REPUBLIKA.CO.ID, JAKARTA -- Wakil Menteri Energi dan Sumber Daya Mineral/ESDM Arcandra Tahar menilai membangun kilang minyak di dalam negeri lebih murah dan efisien daripada impor. Untuk itu, pemerintah berkomitmen menyelesaikan proyek modifikasi kilang (Refinery Development Master Plan/RDMP) dan pembangunan kilang baru.
Arcandra menjelaskan, kapasitas kilang nasional saat ini sekitar 1 juta barel per hari (bph). Setiap harinya mampu mengolah minyak mentah sekitar 800.000 bph. Sementara, produksi minyak mentah nasional ada di kisaran 800.000 bph. Adapun 400.000 bph di antaranya adalah hak pemerintah.
"Kalau kita lihat produksi (minyak mentah) kita 800.000 bph, yang benar-benar menjadi hak pemerintah hanya sekitar 400.000 (bph), sisanya hak KKKS (Kontraktor Kontrak Kerja Sama) yang bisa dijual ke mana saja (ekspor). Sehingga untuk pengolahan di kilang kita masih butuh 400.000 (bph) lagi dari impor," ujar Arcandra melalui keterangan tertulisnya, Senin (26/3).

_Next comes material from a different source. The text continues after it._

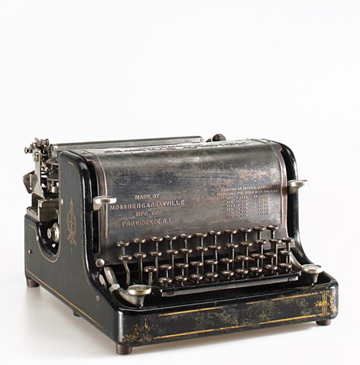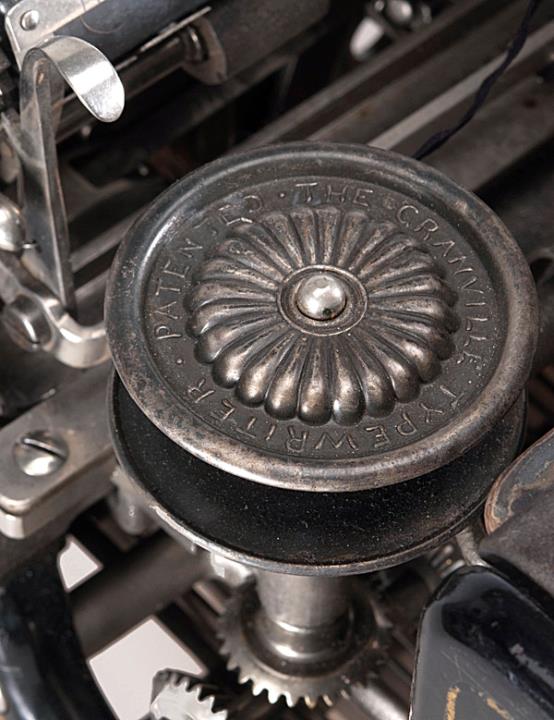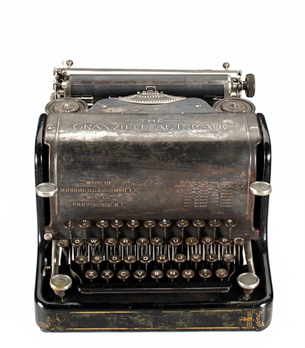 Schreibmaschine Granville Automatic Eigenschaften: Typenstangen, Vorderanschlag, einfache Umschaltung, Farbband Tastatur: universal, vierreihig, 40 Schreibtasten Konstrukteur: Bernard Granville Besonderheit: Zeilenschaltung und Rückführen/Lösen des Wagens erfolgen über Tasten, Frontalabdeckung in Kupfer, Seriennummer 5464

Dengan kebutuhan 1,6 hingga 1,7 juta bph produk minyak olahan per hari, kata Arcandra, pemerintah masih kurang sekitar 900 ribu bph.
"Perbedaan antara kalau kita impor (produk olahan) dengan produk kilang (sendiri) ini mencapai 5 persen. Kalau dihitung dari harga produk RON 92 di kisaran 72-74 per dolar AS per barel, maka spread-nya sekitar 3,5 dolar AS per barel, sehari kira-kira 3 juta dolar AS, atau sekitar 1 miliar dolar AS setahun. Jadi, kalau mau bikin kilang atau impor, ya (pilih) kilang," ungkapnya.
Menurut Arcandra, Pemerintah melalui Kementerian ESDM saat ini memiliki komitmen dalam pembangunan kilang ini. "Pemerintah sekarang komit sekali. Kita kerjakan RDMP (Refinery Development Master Plan) yaitu meremajakan kilang-kilang eksisting (agar kapasitas meningkat), di Cilacap, Balongan, Balikpapan, dan Dumai. Kita juga bangun 2 kilang baru di Tuban dan Bontang," ujarnya lagi.